Воины с готовностью повиновались, обратив клинки против недавних союзников; в клинках отражались налитые гневом глаза военачальников. Борьба шла за каждую площадь, несколько солдат оставалось, чтобы защитить горстку чудом выживших. Почти час понадобился, чтобы взять ситуацию под контроль, да и это удалось главным образом потому, что защищать было уже некого. Поко не сводил глаз с Кангранде — тот, казалось, вообще не знает усталости. Кангранде был словно ураган: ярость, закрученная воронкой, не вырывалась наружу лишь до поры до времени. В ужасе Поко скакал по улицам, впустую размахивая мечом в ответ на каждое чинимое у него на глазах беззаконие. Но вот отряд выехал на площадь, где наемники играли в странную игру: горящими палками загоняли в перевернутые корзины какие-то шары. При ближайшем рассмотрении шары оказались человеческими головами. Некоторые головы были совсем маленькие. Поко заплакал; и именно на этой площади он в первый раз убил человека. Именно на этой площади не уцелел ни один наемник.
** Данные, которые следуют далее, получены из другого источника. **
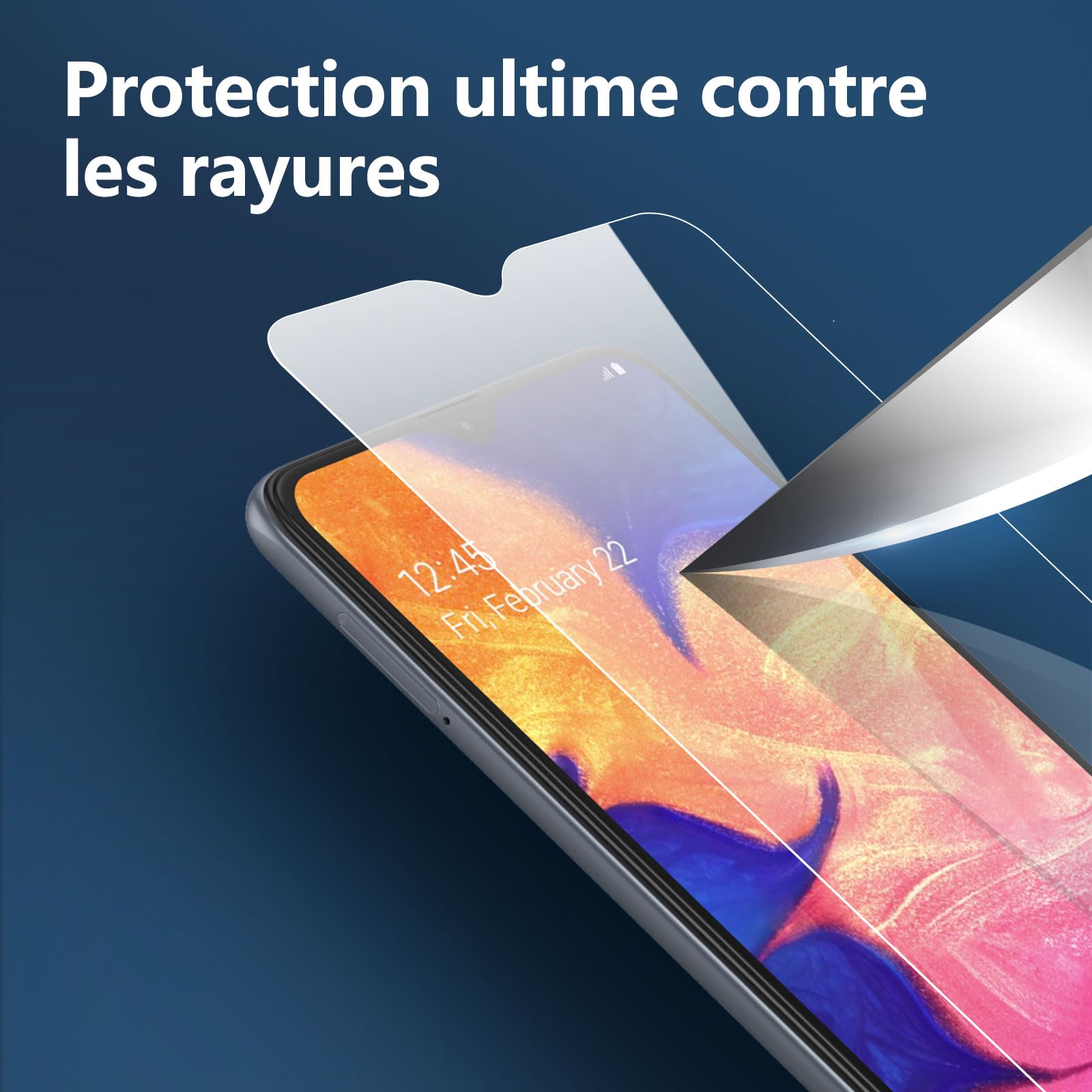 Protection d’écran en verre trempé pour Samsung Galaxy A10, A10s et M10, offrant une dureté de 9H et une transparence HD.

Капитан быстро понял, что Кальватоне не спасти, и не стал вызывать пожарные бригады в помощь спасательным отрядам. Лишь когда его люди стали задыхаться в дыму (на огонь они уже не обращали внимания), Кангранде дал приказ покинуть город.
В лучах догорающего на западе солнца тлели руины Кальватоне. У обрушившихся ворот выстроились оставшиеся в живых наемники. Их принудили спешиться и опуститься на колени. Все они были более или менее тяжело ранены. Взгляды их не отрывались от Кангранде, восседавшего на своем великолепном коне. Перед ним в немыслимо огромный костер падали последние балки, поднимая столбы искр и пепла. Кангранде долго смотрел в никуда, не шевелясь; наконец повернулся к Кастельбарко и вполголоса отдал приказ. Кастельбарко хлестнул коня и поскакал в лагерь.
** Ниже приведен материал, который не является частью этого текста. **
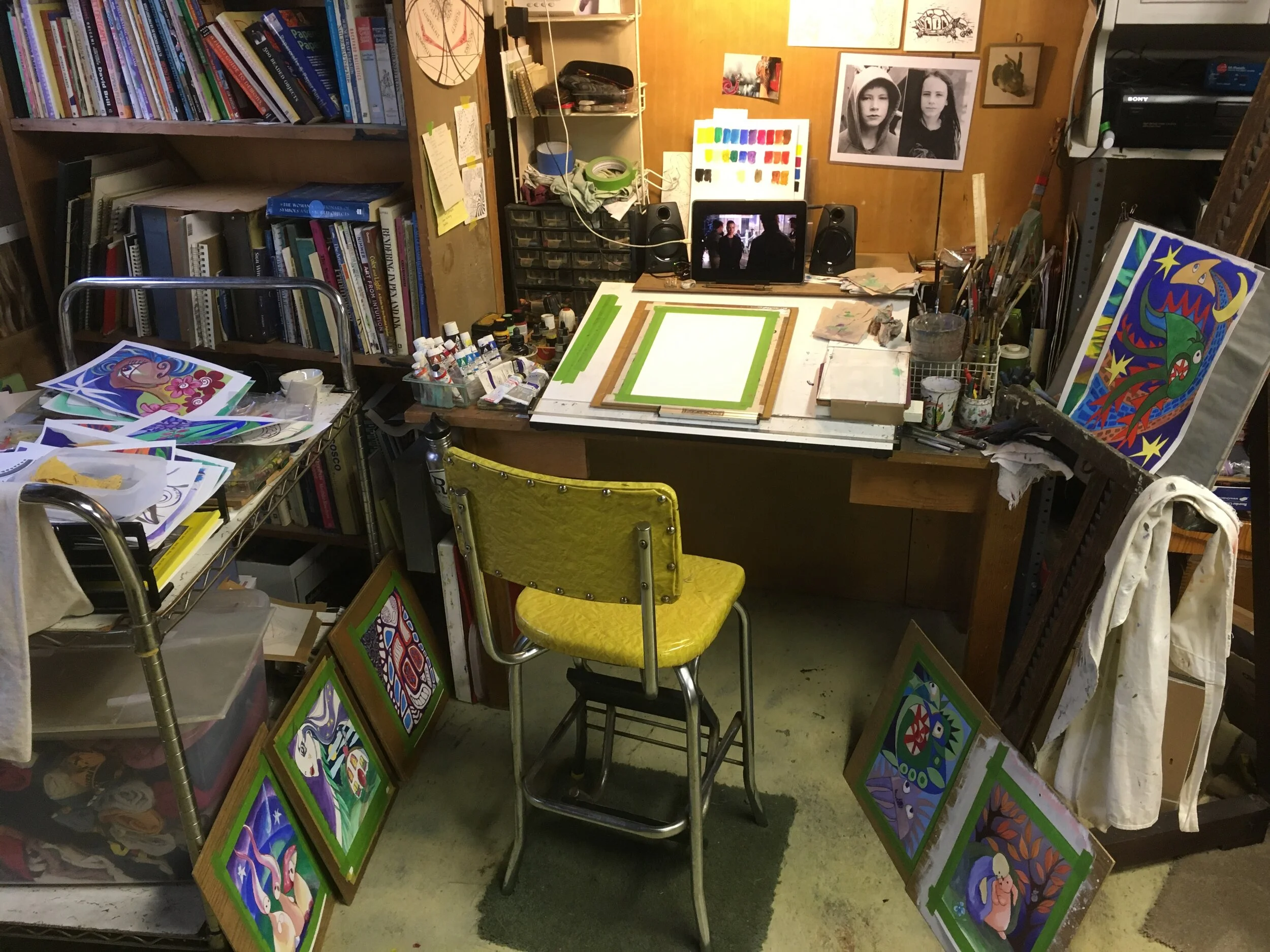 I approach the blank paper with no preconceived notions. My work-table has materials out and ready; I choose media and colors intuitively, without leaving room for my critical, rational, logical mind to interfere.

Предводитель наемников, не вставая с колен, произнес:
— Der Hund![63] За что ты нас наказываешь? Мы лишь выполняли твои распоряжения!
Кангранде соскочил с коня, бросился к германцу и ударил его по лицу сначала тыльного стороной руки, затем ладонью.
— Мой приказ? Разве я приказывал убивать, грабить, дискредитировать меня? Я поклялся, что не причиню им зла! От кого вы слышали такие распоряжения?
Наемник покачнулся и уронил голову, что-то пробормотав. Кангранде снова ударил его.
— Я спрашиваю, от кого?
— Распоряжения были в письменном виде, — возразил наемник, еле ворочая разбитой челюстью.
— Так покажи мне их!
— Не могу, der Hund! Последним пунктом было сжечь бумагу.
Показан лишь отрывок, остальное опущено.